Article 6 of the GDPR outlines six legal grounds for processing personal data.

  • 1. Consent: User consent is required for advertising and an app’s interactions with customer devices.
  • 2. Contract: The provisions of a contract should do all data processing.
  • 3. Legal Obligation: Data collection should be required by law, such as in the case of information security, employment, or consumer transaction laws.
  • 4. Vital Interest: This usually occurs in life-threatening medical cases where data processing is required to save a life.
  • 5. Data processed by a government agency or an entity operating on behalf of a government entity is considered public interest.
  • 6. Legitimate Interests: Customers expect companies to process sensitive information for marketing and fraud prevention purposes. App developers must affirm that collecting and processing personal data is needed for the app’s functioning.
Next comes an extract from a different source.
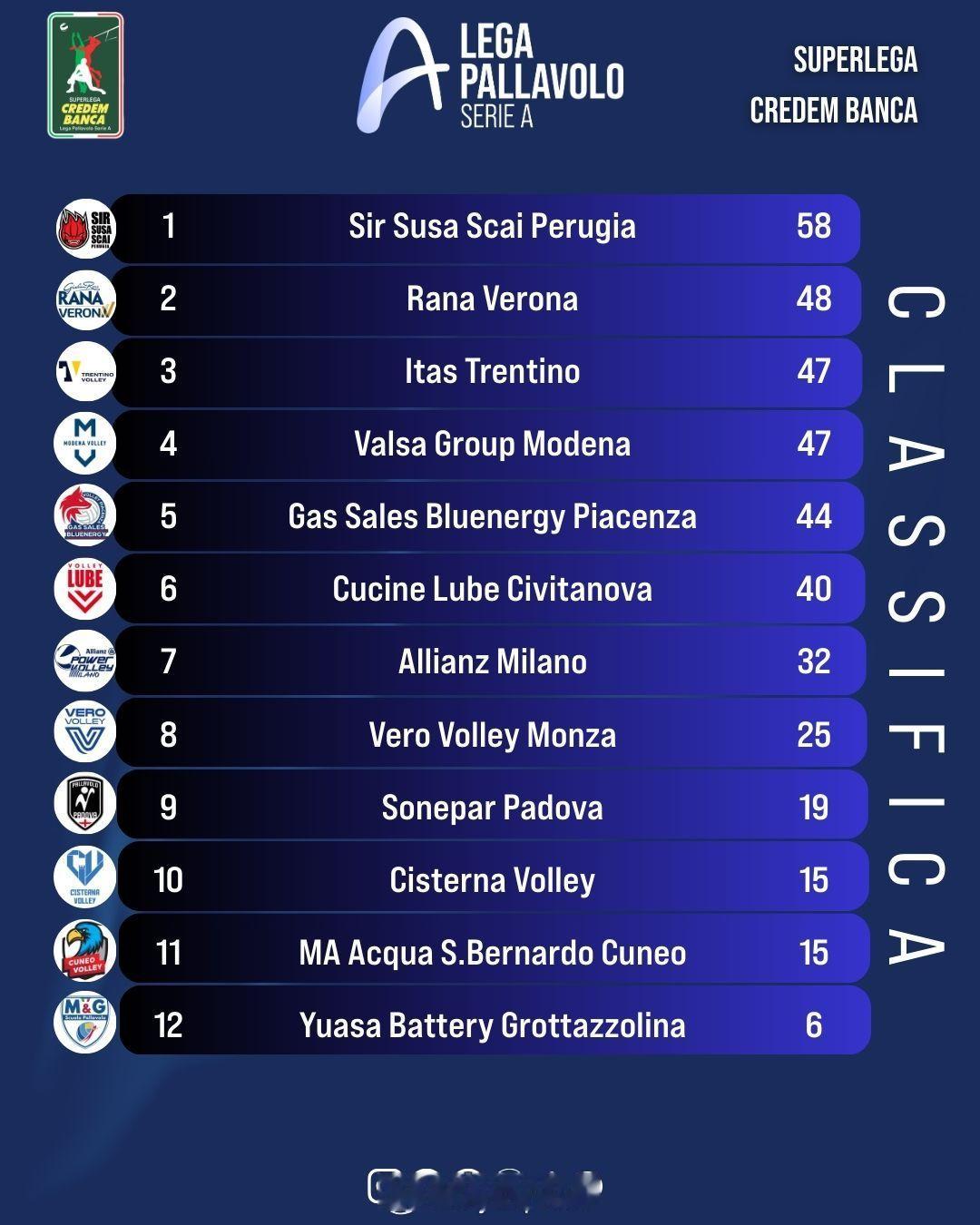 【意超男排八强对阵形势】国际排坛动态 2月25日,意超男排常规赛结束,季后赛八强水落石出,格罗塔佐利纳不幸降级。八强对阵如下(括号内常规赛排名):上半区:佩鲁贾(1)vs蒙扎(8)摩德纳(4)vs皮亚琴察(5)下半区:维罗纳(2)vs米兰(7)特伦蒂诺(3)vs奇维塔诺瓦(6)

When processing personal data, follow the GDPR’s six privacy principles.

  • 1. Lawfulness, Fairness, and Transparency:  Create a legally binding Privacy Policy for your app, providing customers with a clear, concise, and easily accessible notice of all your data protection practises in simple English.
  • 2. Purpose Limitation: GDPR Article 18 allows app users to request that their data be processed only for the following purposes:
  • Inaccuracy.
  • Processing that is not legal.
  • Data that is not needed for the specified reason.

App developers must stop processing immediately and meet with the customer’s request.

  • 3. Data Minimization: Do not collect personal data that you do not use when developing your app.
  • 4. Keeping Data Accurate: In addition to building data accuracy into the system processing system, promote data accuracy by including the right to rectification and update under data topic rights in your Privacy Policy.
  • 5. Data Storage Limitation: Personal data of the users can only be kept in the archive for as long as it is used for the purpose for which it was collected.
  • 6. Integrity and Confidentiality: Personal information should be secure and secured from unauthorised or unlawful processing, accidental loss, destruction, or damage.

Be mindful of the seventh principle of accountability, which is often overlooked when compiling a list of principles.

Be Aware of Data Requests and Necessary Permissions

Obtaining permission from customers before using personal data is a simple way to prevent high GDPR penalties.

Use a privacy policy to explain how you use data.

The GDPR’s two main priorities are transparency and educating the public about how their data is used.

The Right to be Forgotten

The GDPR gives mobile app users the “right to be forgotten.” When their data is no longer used for a specified reason, they have the right to have it erased. Customers may request that their data be changed or erased irreversibly.

Despite its strict data collection and processing rules, GDPR poses no challenge to app developers or businesses. It is simply a chance to understand how data is used and how to safeguard customer privacy.